■ **REQUIREMENT**: The following data needs to be repeated exactly, with all images excluded.

■ **DATASET EXCERPT**:
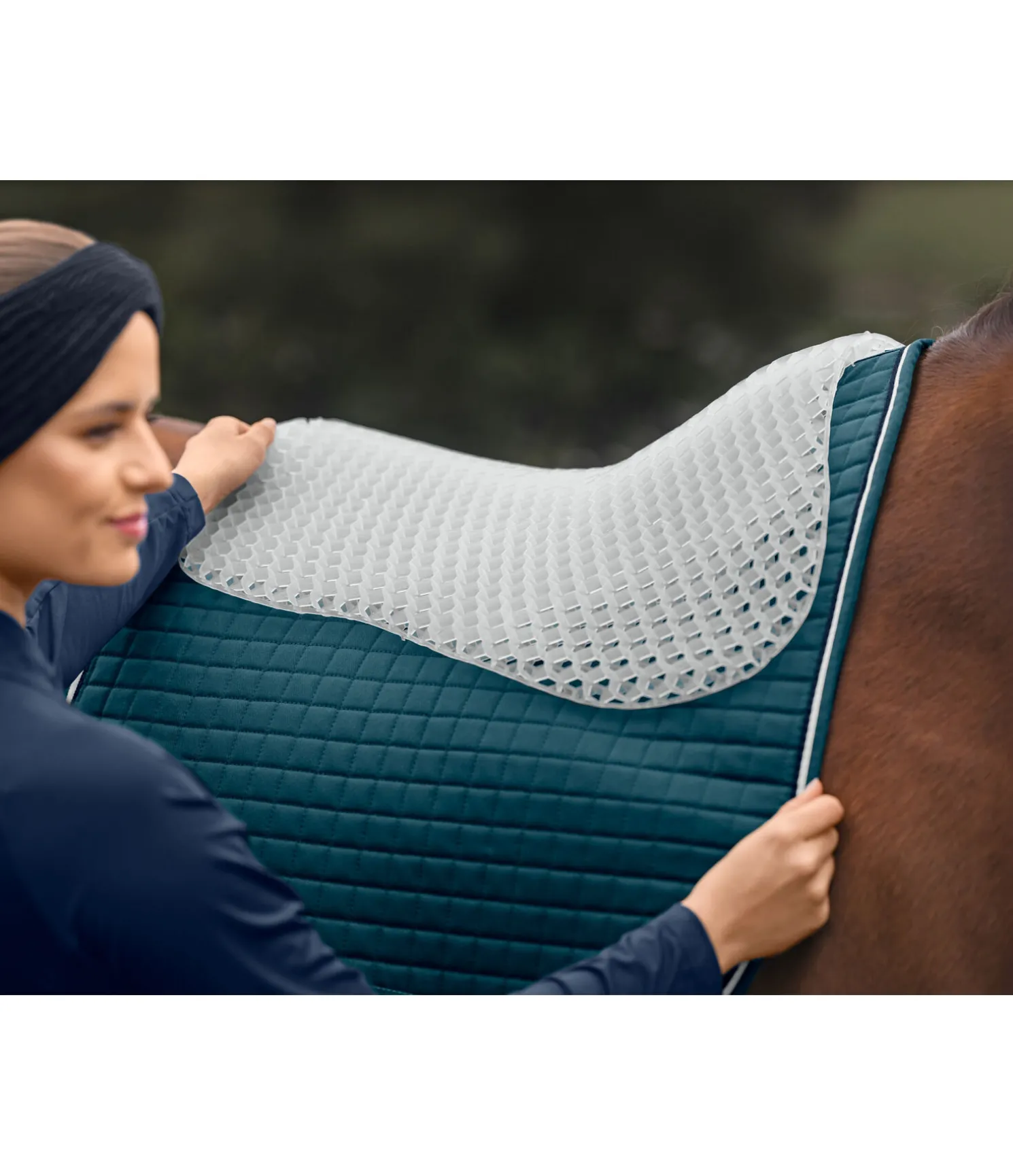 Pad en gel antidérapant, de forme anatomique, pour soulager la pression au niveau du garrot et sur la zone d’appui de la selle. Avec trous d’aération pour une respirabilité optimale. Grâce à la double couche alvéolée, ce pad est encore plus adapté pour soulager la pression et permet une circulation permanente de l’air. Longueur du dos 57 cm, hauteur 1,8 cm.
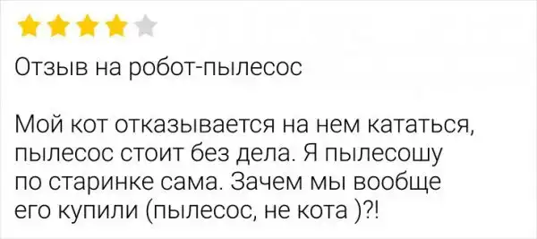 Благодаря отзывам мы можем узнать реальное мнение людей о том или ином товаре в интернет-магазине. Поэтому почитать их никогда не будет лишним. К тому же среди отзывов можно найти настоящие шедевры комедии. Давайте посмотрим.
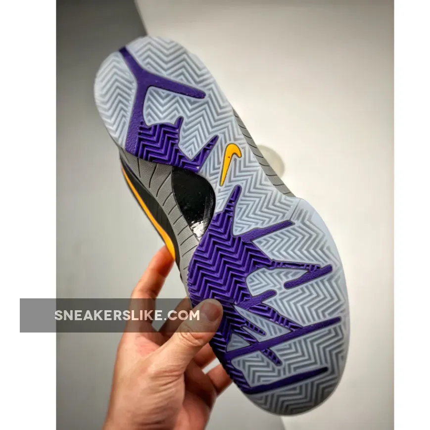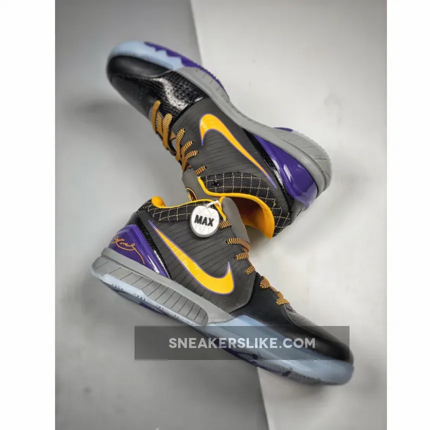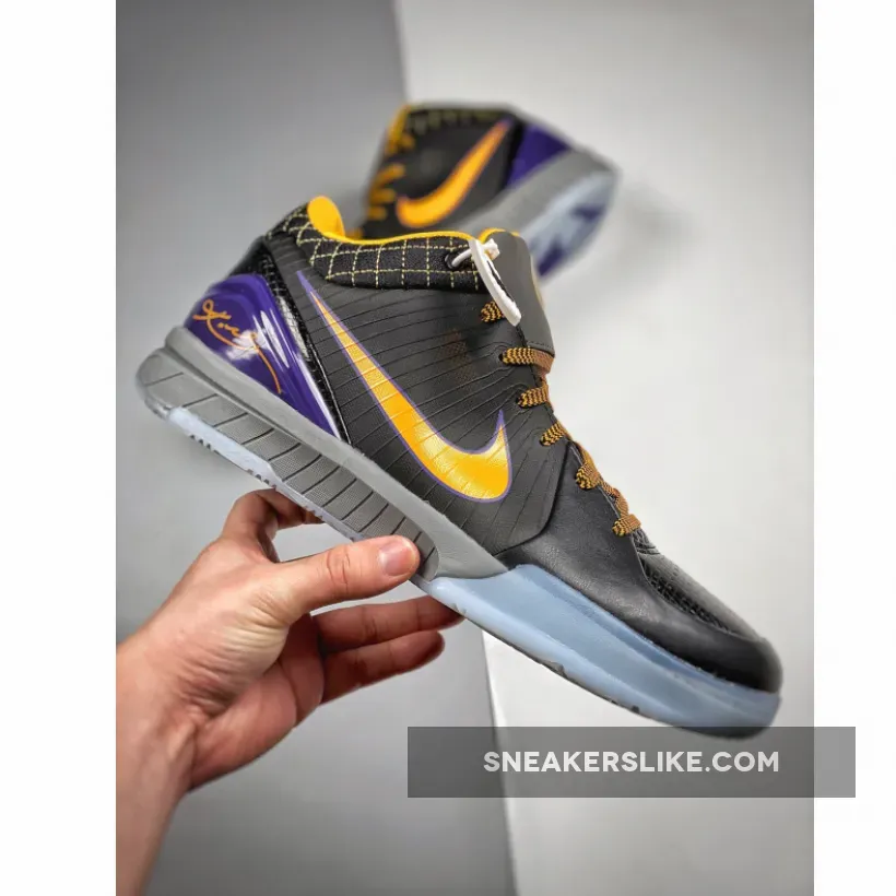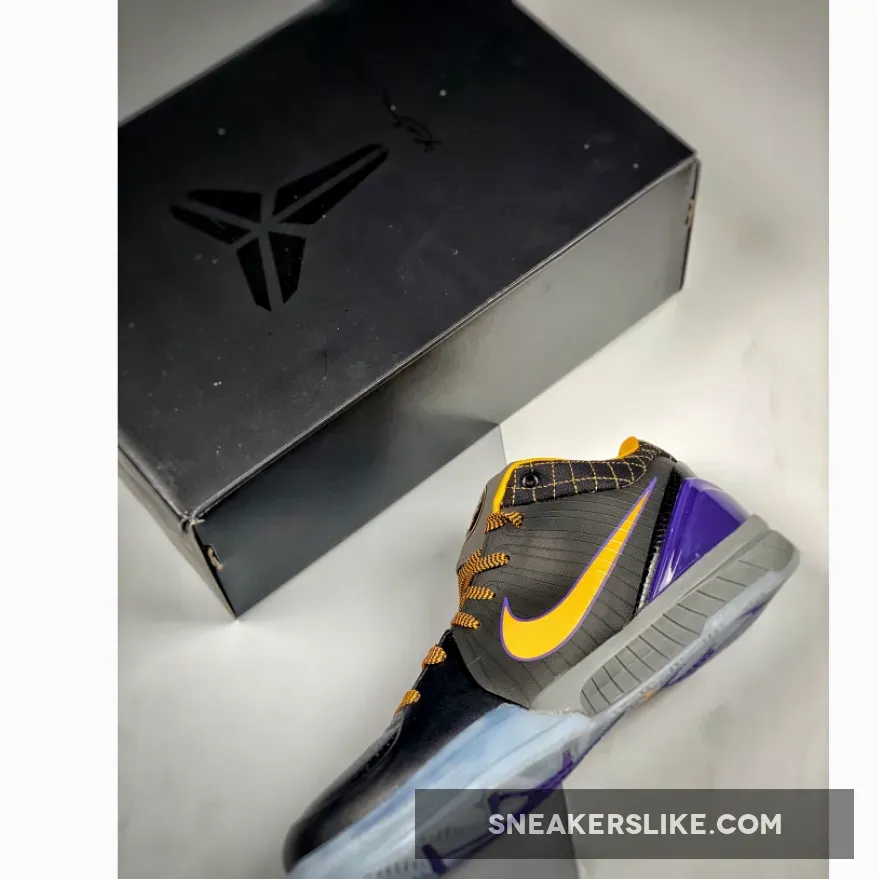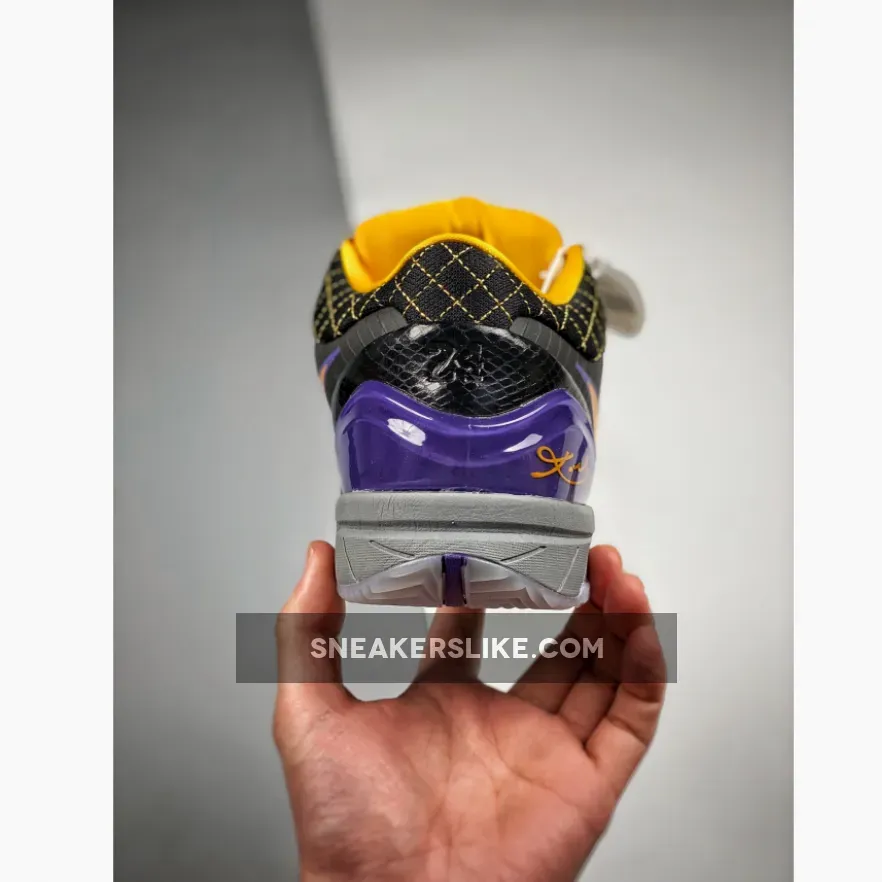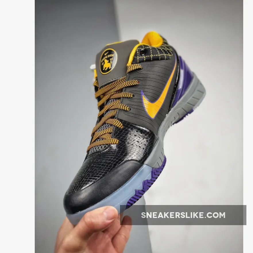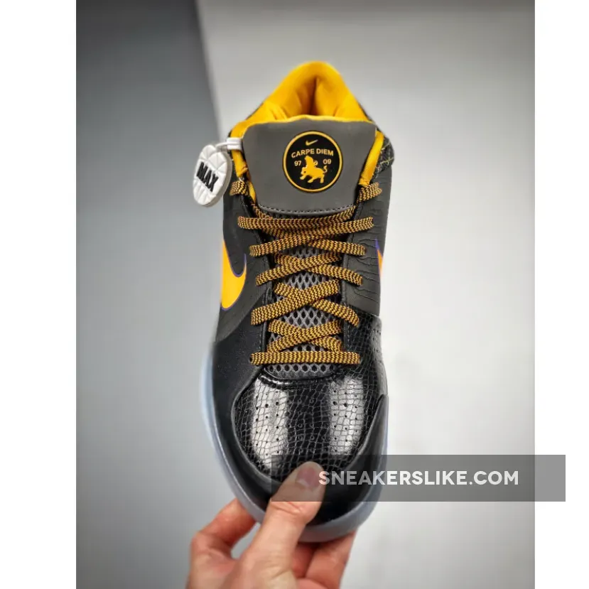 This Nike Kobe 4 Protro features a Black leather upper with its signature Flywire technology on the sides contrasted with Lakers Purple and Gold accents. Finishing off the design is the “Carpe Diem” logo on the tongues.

■ **TASK OUTPUT**:
 Pad en gel antidérapant, de forme anatomique, pour soulager la pression au niveau du garrot et sur la zone d’appui de la selle. Avec trous d’aération pour une respirabilité optimale. Grâce à la double couche alvéolée, ce pad est encore plus adapté pour soulager la pression et permet une circulation permanente de l’air. Longueur du dos 57 cm, hauteur 1,8 cm.
 Благодаря отзывам мы можем узнать реальное мнение людей о том или ином товаре в интернет-магазине. Поэтому почитать их никогда не будет лишним. К тому же среди отзывов можно найти настоящие шедевры комедии. Давайте посмотрим.
 This Nike Kobe 4 Protro features a Black leather upper with its signature Flywire technology on the sides contrasted with Lakers Purple and Gold accents. Finishing off the design is the “Carpe Diem” logo on the tongues.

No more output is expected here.